Extracted material>
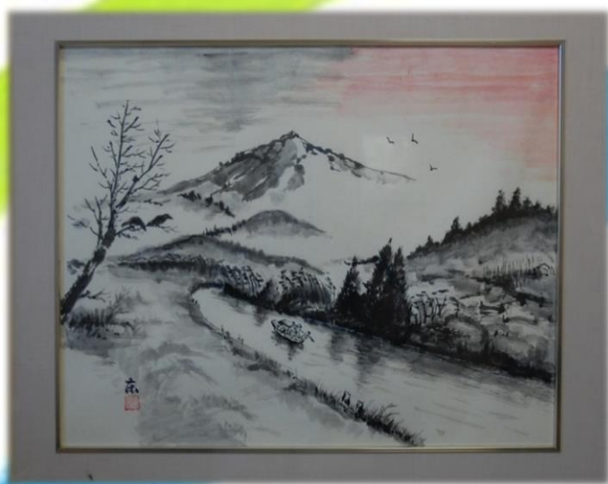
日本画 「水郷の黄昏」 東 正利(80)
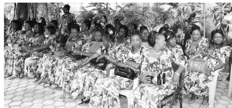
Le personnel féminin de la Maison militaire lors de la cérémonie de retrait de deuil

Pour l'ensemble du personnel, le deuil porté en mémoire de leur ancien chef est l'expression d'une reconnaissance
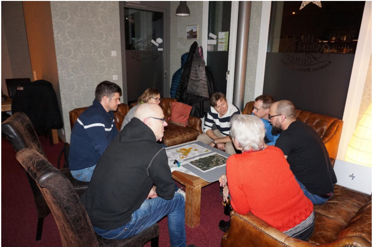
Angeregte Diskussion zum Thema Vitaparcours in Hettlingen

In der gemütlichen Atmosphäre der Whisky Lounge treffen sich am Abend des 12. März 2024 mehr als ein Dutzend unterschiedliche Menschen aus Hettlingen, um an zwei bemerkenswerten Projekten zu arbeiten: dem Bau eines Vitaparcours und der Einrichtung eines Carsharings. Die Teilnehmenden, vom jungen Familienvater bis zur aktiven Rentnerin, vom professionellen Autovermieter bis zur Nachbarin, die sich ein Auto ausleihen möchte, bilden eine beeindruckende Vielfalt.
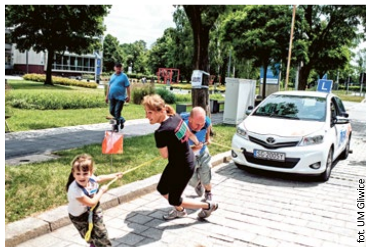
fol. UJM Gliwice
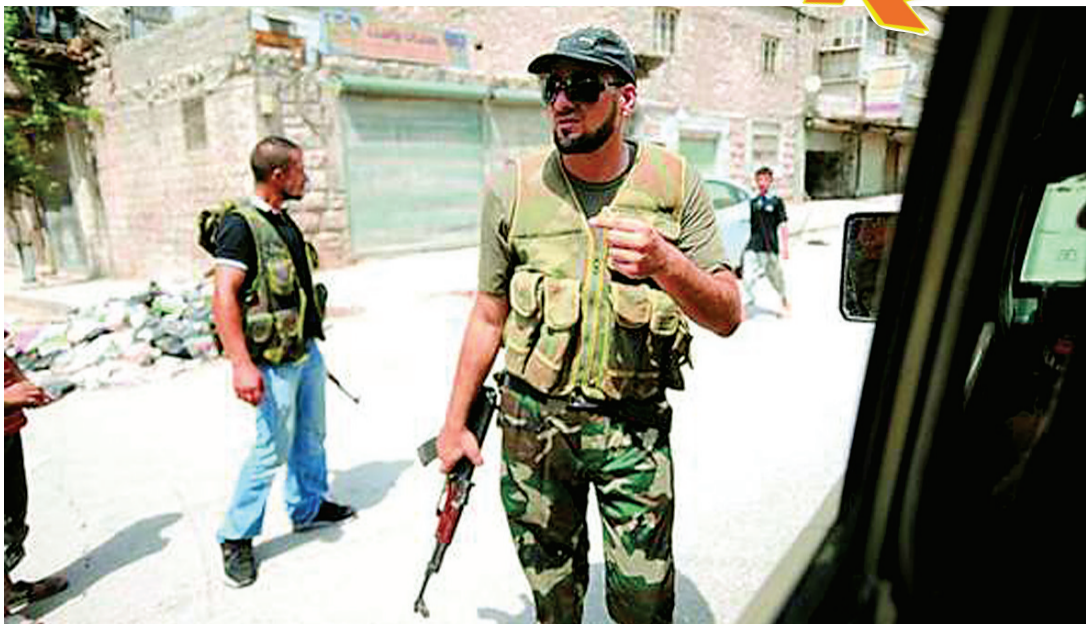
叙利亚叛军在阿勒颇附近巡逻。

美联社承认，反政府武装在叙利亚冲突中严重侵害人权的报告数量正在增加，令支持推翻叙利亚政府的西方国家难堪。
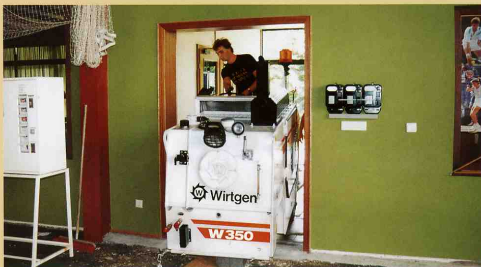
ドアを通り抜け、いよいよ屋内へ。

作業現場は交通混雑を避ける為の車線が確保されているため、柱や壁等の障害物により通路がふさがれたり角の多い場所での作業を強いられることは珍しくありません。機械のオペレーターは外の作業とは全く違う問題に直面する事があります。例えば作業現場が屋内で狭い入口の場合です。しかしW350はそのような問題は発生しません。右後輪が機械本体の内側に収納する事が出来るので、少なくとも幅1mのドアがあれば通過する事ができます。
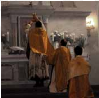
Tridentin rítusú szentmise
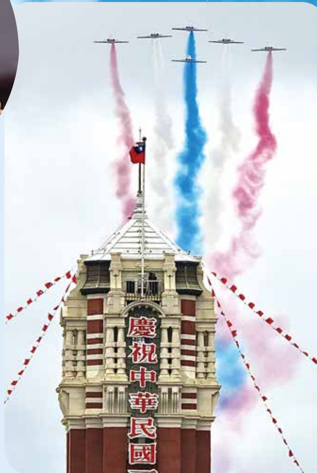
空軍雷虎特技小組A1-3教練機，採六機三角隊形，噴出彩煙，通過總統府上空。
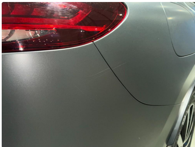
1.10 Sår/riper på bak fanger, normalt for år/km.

The problem>
Copy all the lines of data exactly as they appear, dropping any images.

Response to this exercise>
日本画 「水郷の黄昏」 東 正利(80)
Le personnel féminin de la Maison militaire lors de la cérémonie de retrait de deuil

Pour l'ensemble du personnel, le deuil porté en mémoire de leur ancien chef est l'expression d'une reconnaissance
Angeregte Diskussion zum Thema Vitaparcours in Hettlingen

In der gemütlichen Atmosphäre der Whisky Lounge treffen sich am Abend des 12. März 2024 mehr als ein Dutzend unterschiedliche Menschen aus Hettlingen, um an zwei bemerkenswerten Projekten zu arbeiten: dem Bau eines Vitaparcours und der Einrichtung eines Carsharings. Die Teilnehmenden, vom jungen Familienvater bis zur aktiven Rentnerin, vom professionellen Autovermieter bis zur Nachbarin, die sich ein Auto ausleihen möchte, bilden eine beeindruckende Vielfalt.
fol. UJM Gliwice
叙利亚叛军在阿勒颇附近巡逻。

美联社承认，反政府武装在叙利亚冲突中严重侵害人权的报告数量正在增加，令支持推翻叙利亚政府的西方国家难堪。
ドアを通り抜け、いよいよ屋内へ。

作業現場は交通混雑を避ける為の車線が確保されているため、柱や壁等の障害物により通路がふさがれたり角の多い場所での作業を強いられることは珍しくありません。機械のオペレーターは外の作業とは全く違う問題に直面する事があります。例えば作業現場が屋内で狭い入口の場合です。しかしW350はそのような問題は発生しません。右後輪が機械本体の内側に収納する事が出来るので、少なくとも幅1mのドアがあれば通過する事ができます。
Tridentin rítusú szentmise
空軍雷虎特技小組A1-3教練機，採六機三角隊形，噴出彩煙，通過總統府上空。
1.10 Sår/riper på bak fanger, normalt for år/km.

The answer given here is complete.